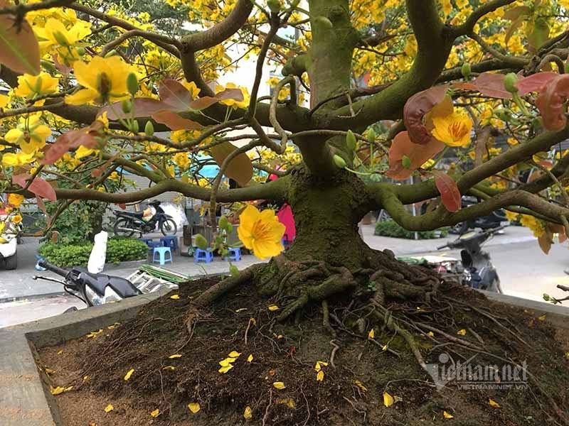 Theo anh Hải, cây mai này có tuổi hơn 20 năm. Trong số cả 100 chậu mai anh chở ra Hà Nội bán dịp tết này thì đây là cây duy nhất được trồng và phát triển tự nhiên, chỉ cần bấm tỉa, không áp dụng uốn thế như các cây mai thông thường.
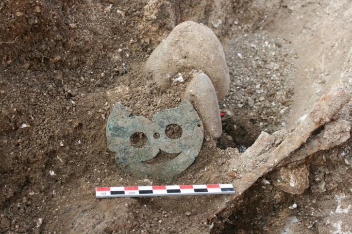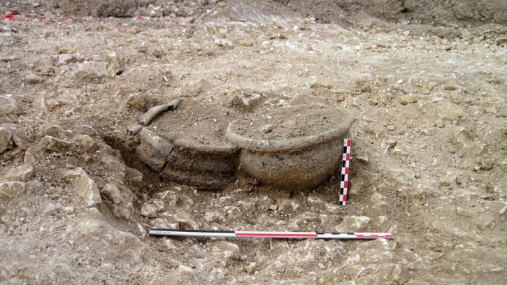 Au sud de la zone de fouille, ce sont les éléments funéraires qui dominent. Deux sépultures à incinération ont fait l’objet d’une fouille et d’une observation complète. Elles contenaient un amas osseux correspondant aux restes du défunt après la crémation. Cet amas était associé à une ou deux céramiques. Dans l’une des sépultures, les archéologues ont découvert un objet métallique, dont la forme fait penser à une clé.
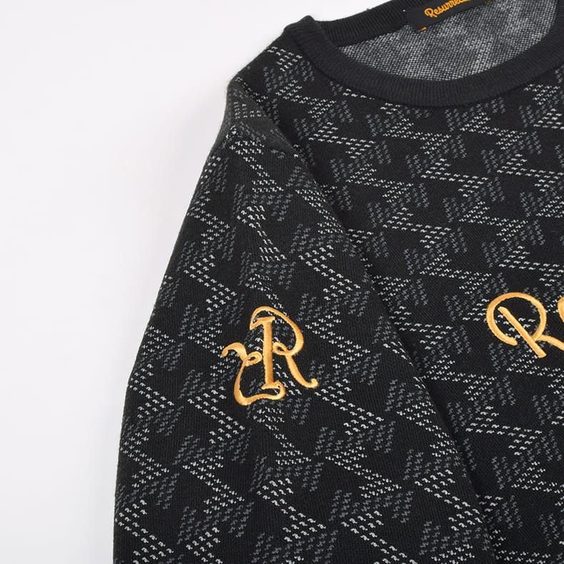 胸元と右腕には、レザレクションのブランドロゴをゴールドの刺繍で表現。今まではあまりブランドロゴを大きく表現することが少なかったので新鮮な印象。このニットの上からアウターを羽織った時にも、良いアクセントになります。
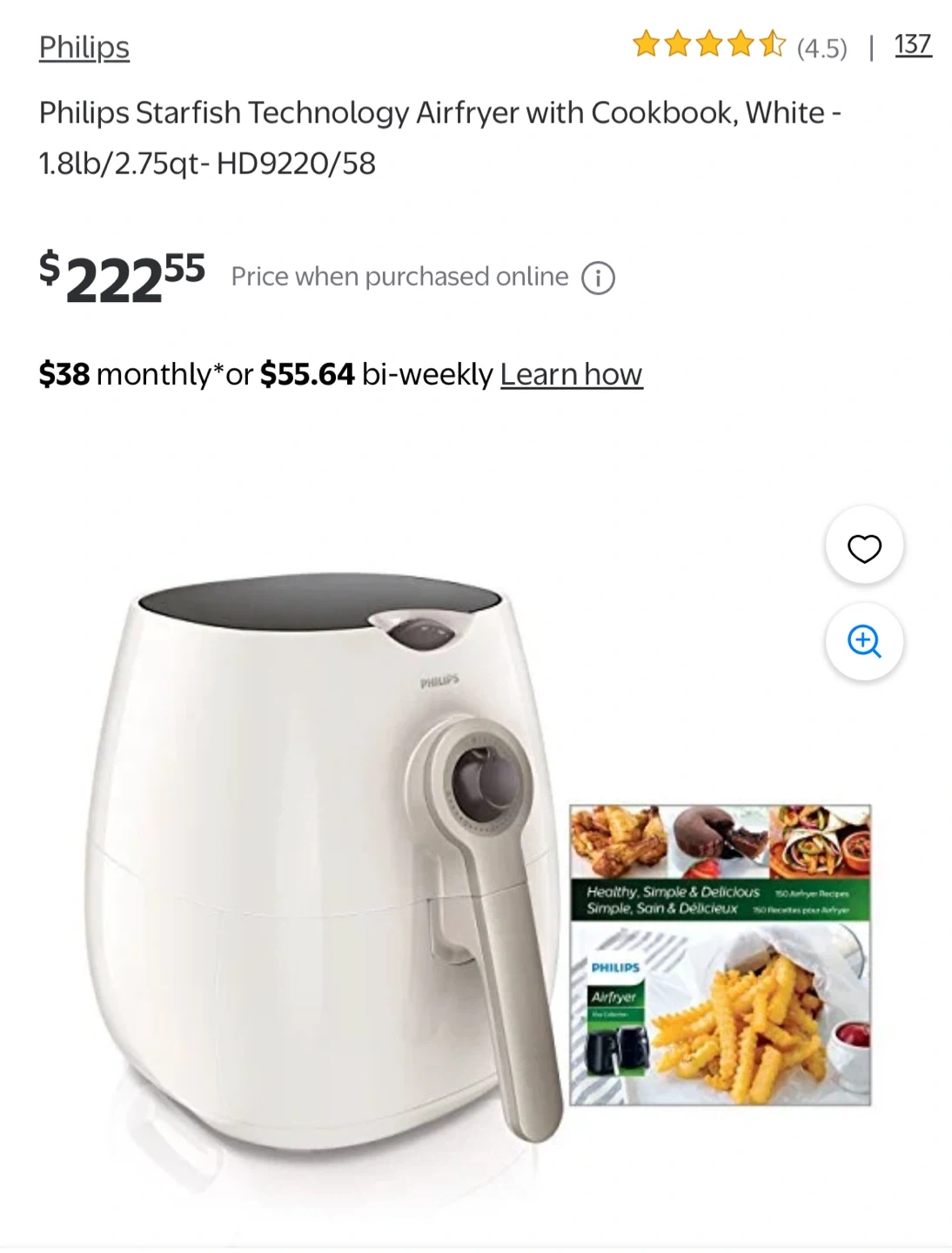 Selling a Philips Starfish Technology Airfryer with Cookbook.
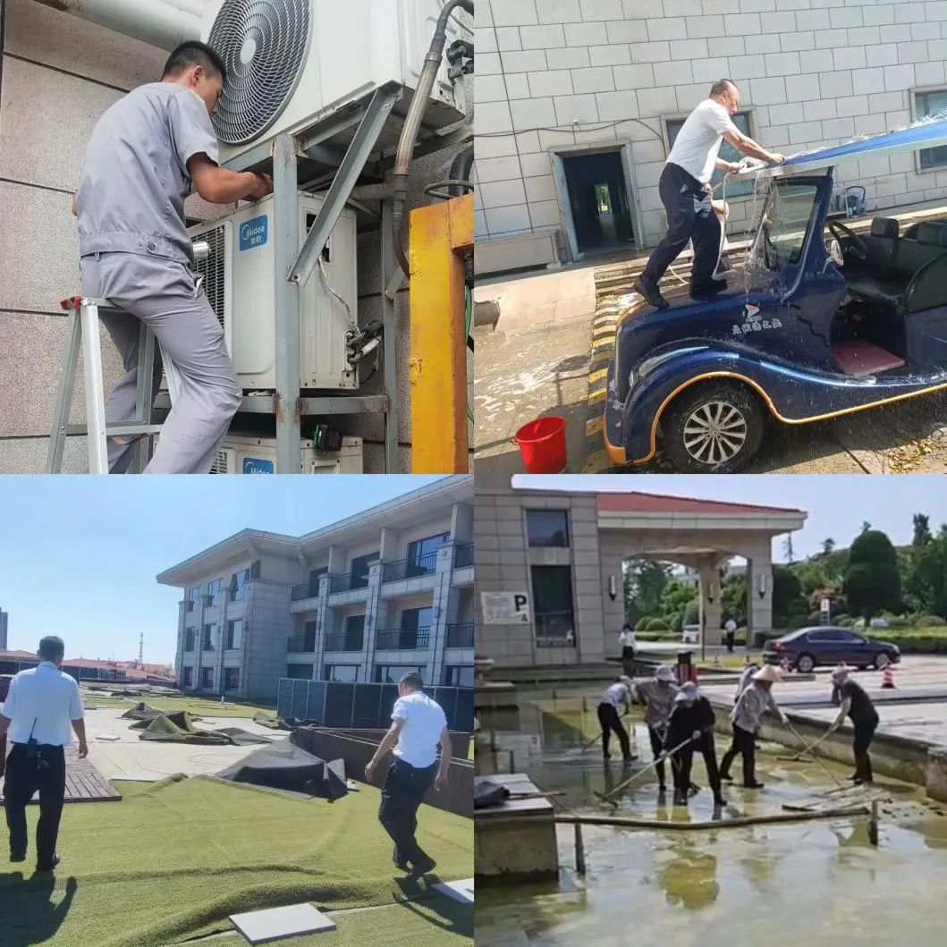高溫?fù)舨豢妍}城港人對(duì)事業(yè)的熱愛(ài)、對(duì)崗位的忠誠(chéng)。頂著烈日的忙碌身影,鋪被風(fēng)吹散的草坪、清理遍布綠色苔蘚的水池、清洗觀光車(chē)、維修設(shè)備.....,他們用強(qiáng)烈的責(zé)任心與可靠的專業(yè)技能,讓客戶用得放心。

------------------------------------------------

=== REQUIRED ACTION ===
Take the lines from the start of the material to the line with "胸元と右腕には、レザレクショ", both included, and transcribe them exactly without the pictures.

=== TASK RESPONSE ===
 Theo anh Hải, cây mai này có tuổi hơn 20 năm. Trong số cả 100 chậu mai anh chở ra Hà Nội bán dịp tết này thì đây là cây duy nhất được trồng và phát triển tự nhiên, chỉ cần bấm tỉa, không áp dụng uốn thế như các cây mai thông thường.
 Au sud de la zone de fouille, ce sont les éléments funéraires qui dominent. Deux sépultures à incinération ont fait l’objet d’une fouille et d’une observation complète. Elles contenaient un amas osseux correspondant aux restes du défunt après la crémation. Cet amas était associé à une ou deux céramiques. Dans l’une des sépultures, les archéologues ont découvert un objet métallique, dont la forme fait penser à une clé.
 胸元と右腕には、レザレクションのブランドロゴをゴールドの刺繍で表現。今まではあまりブランドロゴを大きく表現することが少なかったので新鮮な印象。このニットの上からアウターを羽織った時にも、良いアクセントになります。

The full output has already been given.